We are in the process of migrating the website to ghostery.com/whotracksme:

The following documentation has not been updated yet and still points to the old website. You can already try out the new website with the links above. If you have any feedback, about missing functionality or if you spot inconsistencies, feel free to create a Github issue.

Monthly data dumps will not be affected by these changes. The licensing also remains unchanged.

For more information, see #367

For now, if you came from the Ghostery website and have question on the data itself (e.g. how to download or looking for a technical documentation of the fields), it is best to start here:

https://github.com/whotracksme/whotracks.me/blob/master/whotracksme/data/Readme.md

If it does not answer your questions, also feel free to create a Github issue. It helps us to improve the missing parts of the documentation.


Installation

Python 3.11 is needed to build the site.
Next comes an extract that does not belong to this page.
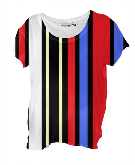 Loose fitting scoop neck shirt with nice drape and curved bottom hem.
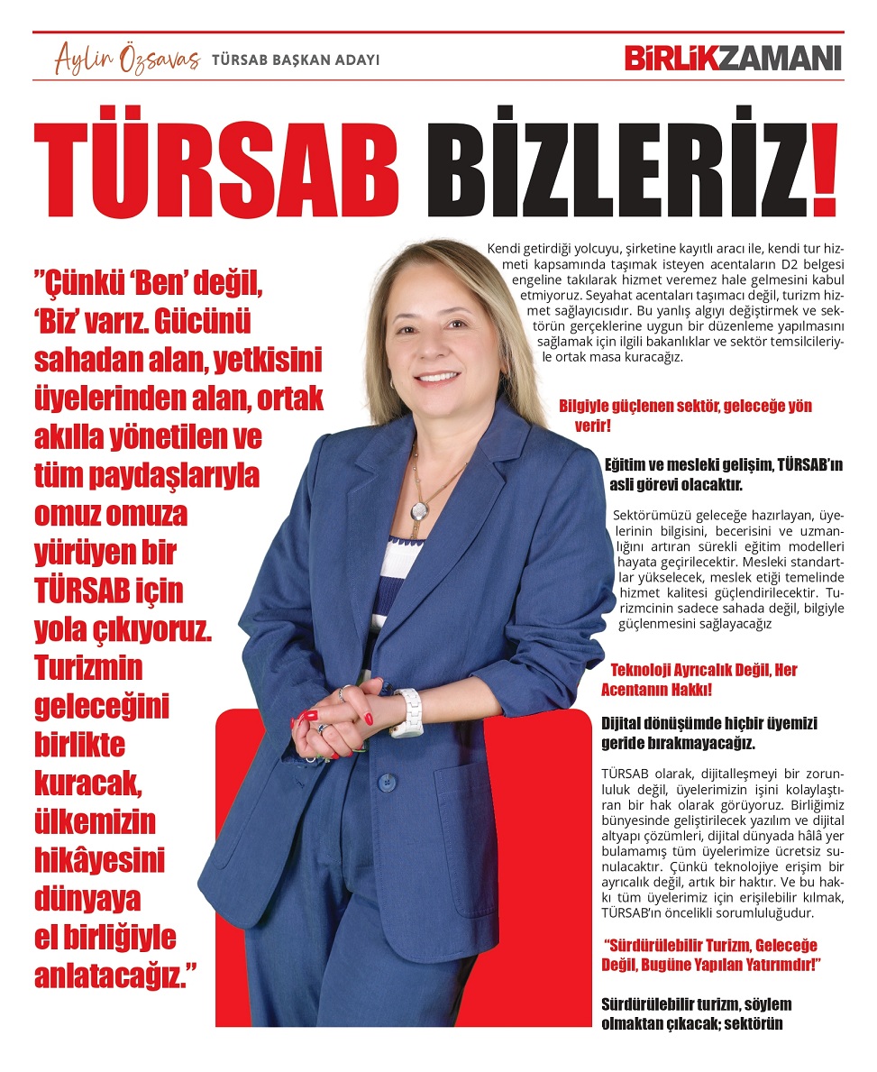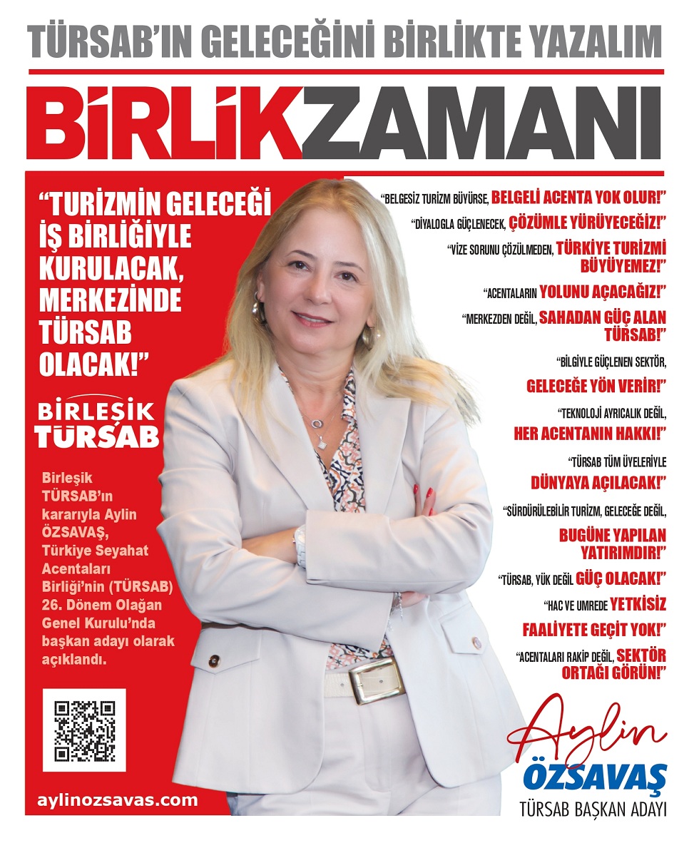 Türkiye Seyahat Acentaları Birliği’nin (TÜRSAB) Kasım 2025’te gerçekleşecek olan 26. Dönem Olağan Genel Kurulu’nda, yeni başkan adayı olarak Aylin ÖZSAVAŞ resmen aday olarak kamuoyuna duyurulmuştur. Bu adaylık, Birleşik TÜRSAB bünyesinde alınan karar doğrultusunda kamuya açıklanmıştır.

We recommend creating a virtualenv to install the dependencies, or use pipenv or )

to

python -m venv venv
. venv/bin/activate

After the initial setup, you can proceed with installing whotracks.me.

For nushell:

python -m virtualenv venv
overlay use venv/bin/activate.nu

With Pip

$ python -m pip install git+https://github.com/ghostery/whotracks.me.git

From source

After cloning the repository:

$ python -m pip install -r requirements.txt
$ python -m pip install -e .

That’s all you need to get started!

Downloading the data

Each month, we release a new version of the web site. The raw data, from which the graphs have been computed, are also available as an open data set (updated every month).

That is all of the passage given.